I thank all noble Lords for their contributions, which have been incredibly well informed, personally felt and thoughtful. There is much that I will share and examine further with my ministerial colleagues. Sharon Hodgson, the Minister for Public Health and Prevention, is driving forward the implementation of the cancer plan. To pick up the specific point about GPs, I note that Stephen Kinnock, the Minister for Care, is the responsible Minister for that area; I will raise the searching comments from the noble Baroness, Lady Gerada, with him.

I appreciate how personal and affecting the debate is for so many—if not everybody—whether they have said it or not, either directly or indirectly. That has inspired us much. By using the word “inspired”, I am quoting the noble Earl, Lord Howe; I was delighted to hear him talk about the cancer plan as an “inspiring read”—he really should review books—and “excellent”. The noble Earl’s assessment of it being a jigsaw is absolutely spot on, and that has been acknowledged throughout.

I will do my best to respond to a number of points. I suspect that I will not manage to do so entirely, but I hope noble Lords will be assured that their comments and questions will be taken up.

For me and noble Lords here today, strategy is one thing but implementation is the main thing. Many noble Lords, including the noble Baronesses, Lady Bottomley and Lady Bloomfield, the noble Lord, Lord Patel, and others challenged the point about implementation, so I will speak briefly about that. There will be a reformed national cancer board. It will be accountable for delivery and include cancer experts. It will track progress, update Ministers and monitor the impact, including—following the points raised by my noble friend Lady Nargund—by dealing with inequalities; that will be key in its monitoring. Updates will be published annually on the national cancer plan’s progress. I look forward to more challenge and engagement from noble Lords in relation to that.

On outcomes, as we have heard, the best way is to diagnose and to treat early to improve outcomes, which is why the cancer plan sets an ambitious goal to meet all cancer waiting times standards by 2029. We are already making strides towards this goal—not least by reducing the NHS waiting list overall by 405,000 since July 2024—but we have a very long way to go in this area of cancer.

The point about inequalities—whether we are talking about race, deprived communities or any other significant factor—came up so much, and rightly so. The noble Baronesses, Lady Redfern, Lady Bottomley and Lady Nargund, and the noble Lord, Lord Patel, among others, referred to this. As was said, the improvement of care for deprived, disadvantaged or less equal communities will be monitored through the NHS cancer waiting time standards. Data is published at integrated care board and provider level, and the NHSE acute provider table of all 134 providers supports this transparency. It is about getting attention to where it is needed most.

The cancer plan’s central ambition is to transform survival rates, committing to 75% of patients diagnosed from 2035 being cancer-free or living well within five years. What an ambition that will be to achieve.

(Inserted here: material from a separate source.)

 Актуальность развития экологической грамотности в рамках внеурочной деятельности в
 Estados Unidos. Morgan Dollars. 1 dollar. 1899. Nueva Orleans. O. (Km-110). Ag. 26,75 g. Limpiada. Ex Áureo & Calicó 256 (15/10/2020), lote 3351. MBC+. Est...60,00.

It will be the fastest rate of improvement in cancer outcomes this century and lead to an additional 320,000 lives saved over the course of this plan—and of course, for every life saved, many more are affected.

On diagnostics, one way in which we can achieve our ambitions is by improving cancer diagnosis in the community—the noble Lord, Lord Taylor, spoke to this point. As noble Lords have acknowledged, last week we announced plans to open four new community diagnostic centres in England over the next year, while also announcing that a further 32 of the 170 CDCs that are currently providing valuable diagnostic capacity will be expanded and enhanced. They are a major move towards a neighbourhood health service.

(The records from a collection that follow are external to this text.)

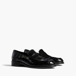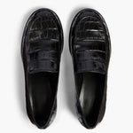 A menswear classic refined by a feminine touch. Crafted in Italy of rare and robust alligator skin distinguished by an enamel-like sheen. Rounded-toe silhouette with a roomier vamp. Details include fine-line rolled piping and the hint of a stacked heel. Signature staple detail at backstay.
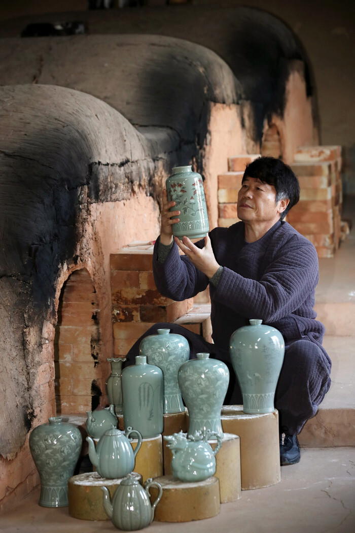 Cho Yoo-bok, a potter, checks baked Goryeo porcelains from a kiln during a celadon festival in Gangjin, a town in South Korea's southwestern province of South Jeolla Province, on Feb. 23, 2023. The festival, which opened the same day, is slated to run till March 1 in the town known as the birthplace and a major production base of Goryeo celadon. (Yonhap)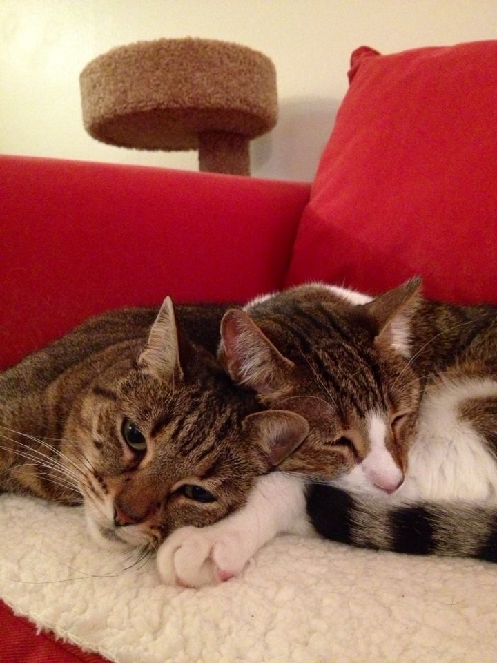 Two tabby cats cuddling on a cloud-like surface in a red chair.
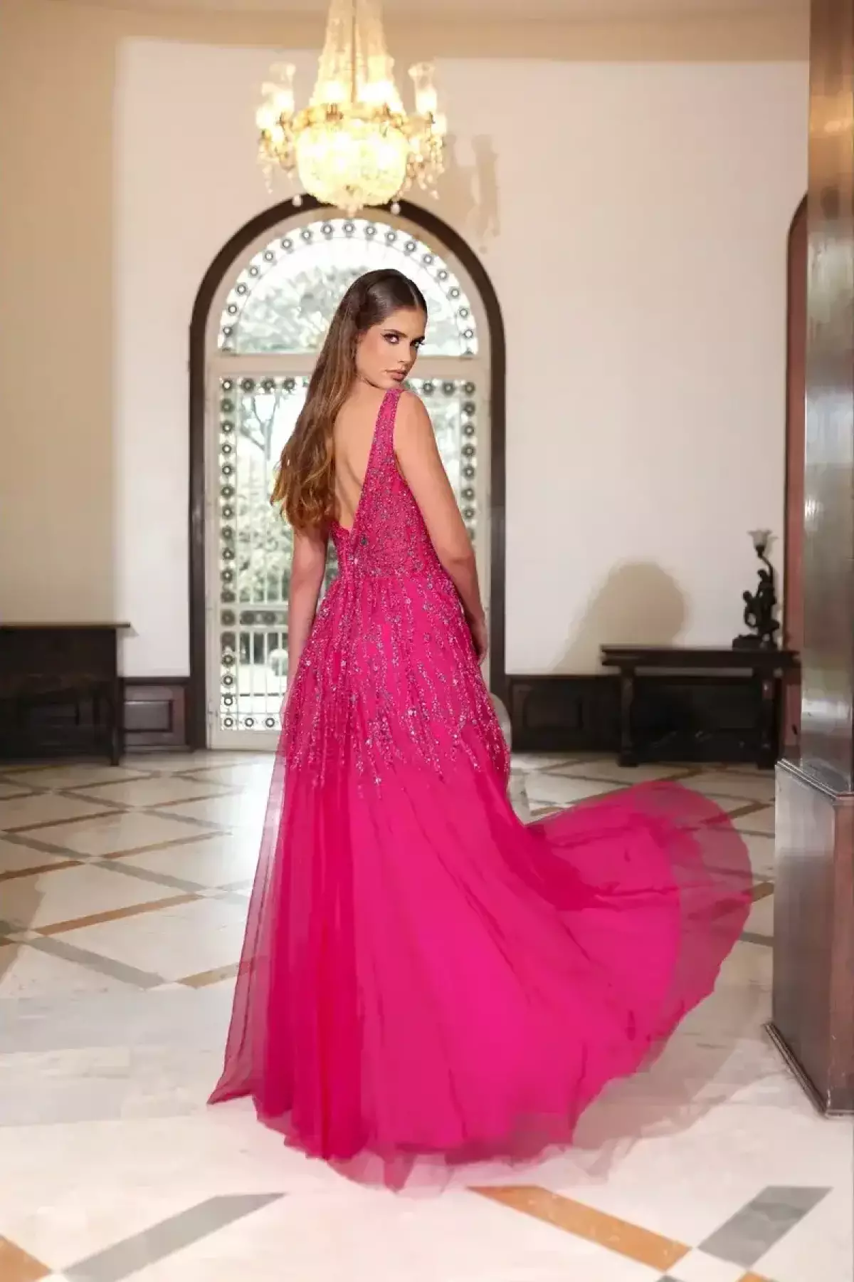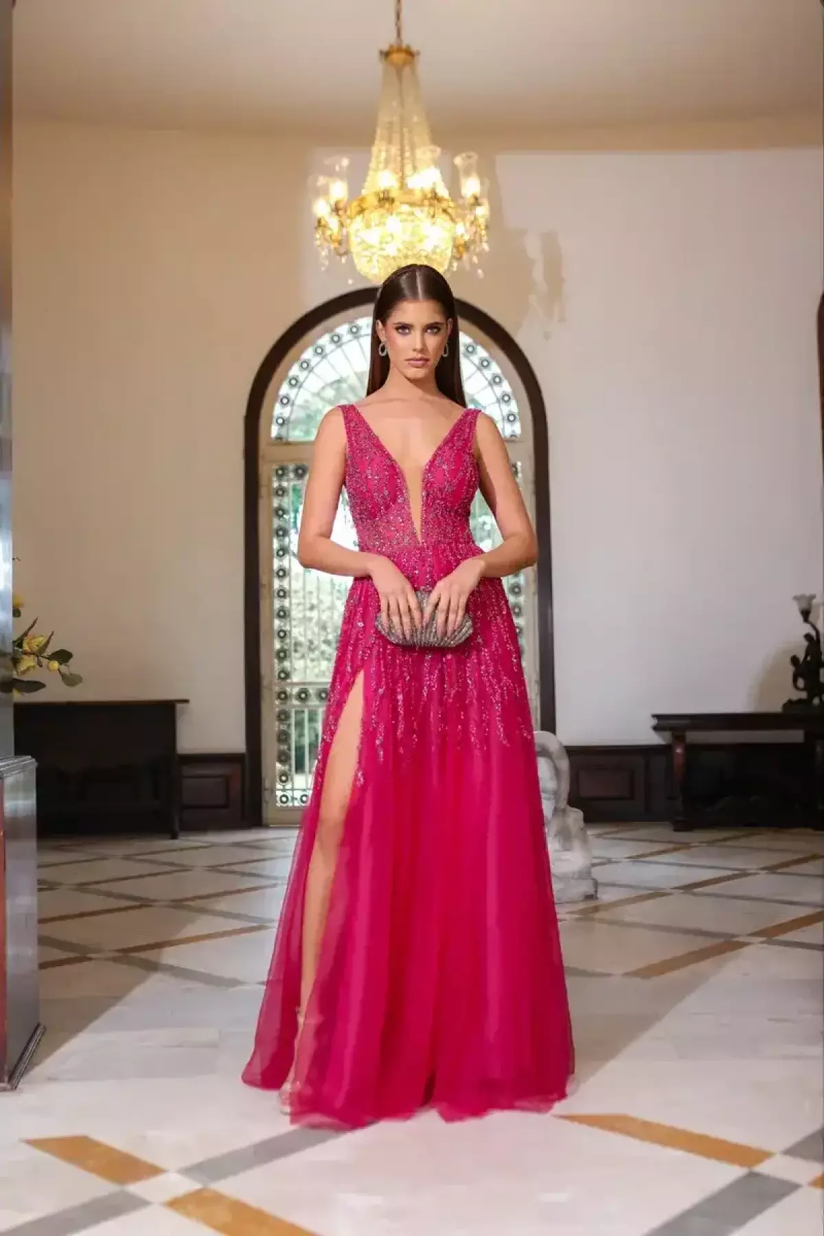 Descrição:Vestido longo pink bordado de tule com decote profundo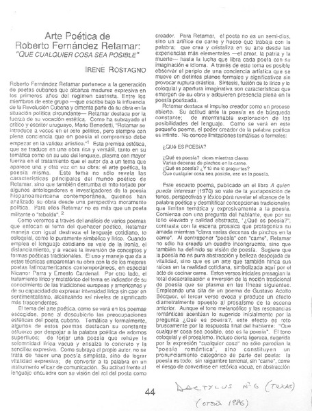 Arte poética de Roberto Fernández Retamar [artículo] Irene Rostagno.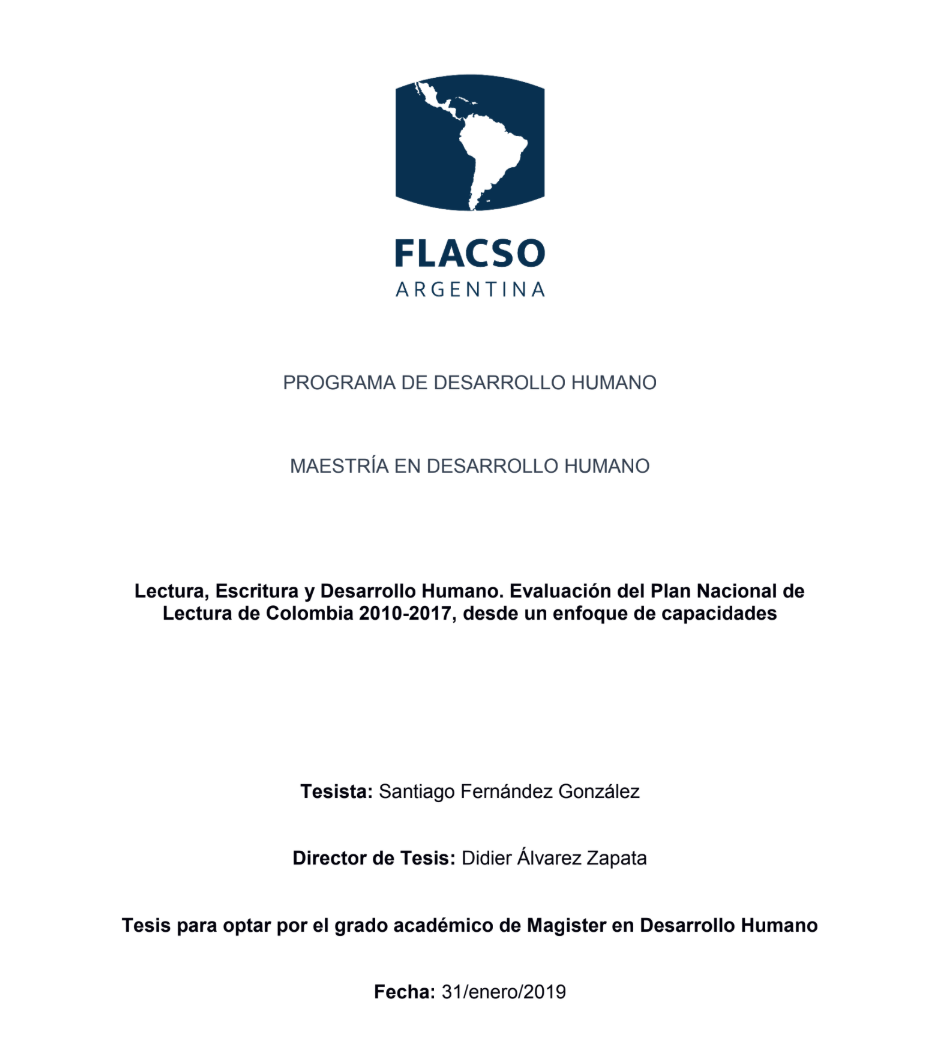 Fernández González, Santiago (2019). Lectura, escritura y desarrollo humano : evaluación del Plan Nacional de Lectura de Colombia 2010-2017, desde un enfoque de capacidades. Tesis de Maestría. FLACSO. Sede Académica Argentina, Buenos Aires.

By extending new capacity—which was referred to by the noble Baroness, Lady Bloomfield—we are also optimising our cancer screening programmes to catch it earlier. I make particular reference to HPV, which was raised by the noble Baronesses, Lady Watkins and Lady Walmsley, and the noble Lord, Lord Patel. From this year, young people who missed out on the vaccination at school can have it administered from a pharmacy. That is to help us move to the elimination of cervical cancer by 2040. I really welcome that. It is about recognising that some people have missed out and providing the service easily and locally in the trusted pharmacy.

My noble friend Lady Ramsey and the noble Lord, Lord Stevens, referred to the national lung cancer screening programme. This will be fully rolled out by 2030, inviting more than 6 million people and identifying at least 23,000 cancers at an earlier stage. I am glad that the noble Lord, Lord Stevens, made the point that those who are more disadvantaged are benefiting from this to a greater degree. Disadvantage is being matched with greater and disproportionate—as in the right amount of—care and attention, and I hope we will see more of that.

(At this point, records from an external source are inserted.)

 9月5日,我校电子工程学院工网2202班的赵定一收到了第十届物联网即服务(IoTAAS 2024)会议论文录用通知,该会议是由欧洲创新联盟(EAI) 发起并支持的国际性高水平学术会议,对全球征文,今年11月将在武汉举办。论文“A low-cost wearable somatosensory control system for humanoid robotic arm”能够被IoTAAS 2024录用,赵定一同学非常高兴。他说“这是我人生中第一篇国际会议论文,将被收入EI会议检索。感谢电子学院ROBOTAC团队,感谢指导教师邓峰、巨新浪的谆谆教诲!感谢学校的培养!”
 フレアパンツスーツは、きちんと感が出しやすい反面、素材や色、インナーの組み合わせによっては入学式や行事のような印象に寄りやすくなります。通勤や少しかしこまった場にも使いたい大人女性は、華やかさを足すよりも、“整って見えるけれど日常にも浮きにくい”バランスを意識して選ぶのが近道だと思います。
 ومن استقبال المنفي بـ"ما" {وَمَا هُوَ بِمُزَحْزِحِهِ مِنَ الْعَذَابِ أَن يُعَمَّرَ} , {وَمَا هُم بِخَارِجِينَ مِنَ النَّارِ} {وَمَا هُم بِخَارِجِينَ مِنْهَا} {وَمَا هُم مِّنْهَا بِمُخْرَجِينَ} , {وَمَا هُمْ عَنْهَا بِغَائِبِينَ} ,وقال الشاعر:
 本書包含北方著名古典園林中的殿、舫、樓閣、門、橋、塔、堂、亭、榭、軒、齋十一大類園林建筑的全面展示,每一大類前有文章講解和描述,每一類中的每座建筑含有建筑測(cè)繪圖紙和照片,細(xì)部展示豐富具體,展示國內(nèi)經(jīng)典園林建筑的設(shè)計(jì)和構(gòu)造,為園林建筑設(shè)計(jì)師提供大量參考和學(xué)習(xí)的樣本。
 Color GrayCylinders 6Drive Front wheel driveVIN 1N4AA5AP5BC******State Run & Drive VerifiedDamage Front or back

On the matter of treatment, I say to the noble Baroness, Lady Redfern, that we will be taking a new approach: more patients will be able to access specialist training centres; by 2028 the NHS app will be the front door for managing our healthcare, and it will have a particular resonance for cancer care; and by 2035 we will bring together genomic and lifestyle data with the all-important single patient record, which will provide the kind of joining up that noble Lords have referred to.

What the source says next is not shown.